A rarely caught shortbill spearfish caught on the Wahoo boat during Your Solutions Megafish competition. Photo / Supplied
The region's largest fishing competition has produced some rare catches, as the more than 150 extra entries make hay while the sun shines.
Hawke's Bay Sports Fishing Club President Neil Price said the Your Solutions Megafish contest, which saw a total of 438 anglers and 124 boats enter, had gone"pretty smoothly" in its fourth year under its modern guise.
"Our numbers are high," he said. "We continued to take entries throughout the week.

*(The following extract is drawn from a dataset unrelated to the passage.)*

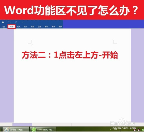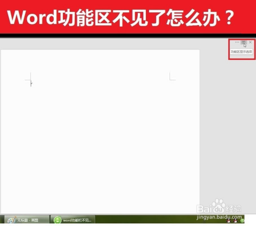 方式一:打开word,1点击文档右上偏向,箭头朝上的图标,即【功能区显示选项】。

"It has surpassed last year's entries by about 150 - it is getting back to its heyday."
The contest peaked in the early 1980s with 754 rods registered before the format changed, with anglers now chasing the $10,000 prize.
"A lot of people choose not to tell you what they've got though until they come into shore too."
Price added: "We're bound to not have the big fish come in yet – lots of boats wait right up until the last day. We've got the rest of today and tomorrow for them to come in."
Albacore was the predominant species being weighed in at the competition, with 49 recorded by the first day weigh-in deadline of 6pm Wednesday.
It was a special Waitangi Day for Napier angler Colin O'Brien, with the weighing of the tournament's biggest kingfish to late-afternoon Thursday.
The 17.695kg specimen, almost 5kg bigger than the first-day best for the species, was boated barely a few hundred metres from the inner harbour entrance as he and Kaos crewmate John Andrews headed for shore on Thursday morning after a night at sea.
The biggest snapper, at 8.39kg, had been caught by Zeke Nunez, fishing from Dream and holding-off Napier fisherman Russell Chapman's late-afternoon weigh of a 7.535kg fish hooked from the boat Hustler.
The tournament ends on Saturday afternoon evening with a prize giving ceremony that will include an entrants prize draw with a $45,000 boat at stake.
The Your Solutions tournament is in its fourth year and succeeds the long-running Coruba tournament which ran annually for more than 35 years, being last held in 2013.
Price said the number of youths have been using Nelson Quay as a swimming spot has significantly grown in the last week, with some jumping into the water "dangerously close to boats", causing him to call police on three occasions.
"The only issue we've had is the kids that are jumping into the water near boats, over boats, on boats, to have a swim," he said.
"All they want to do is swim, which we don't have a problem with.
"There are council signs that say you can't swim, but they got quite confrontational when you tell them to get out the way."
Price said it could end in disaster if things didn't change.
"These boats' propeller blades are a lot sharper than a lawnmower and can do a lot more damage."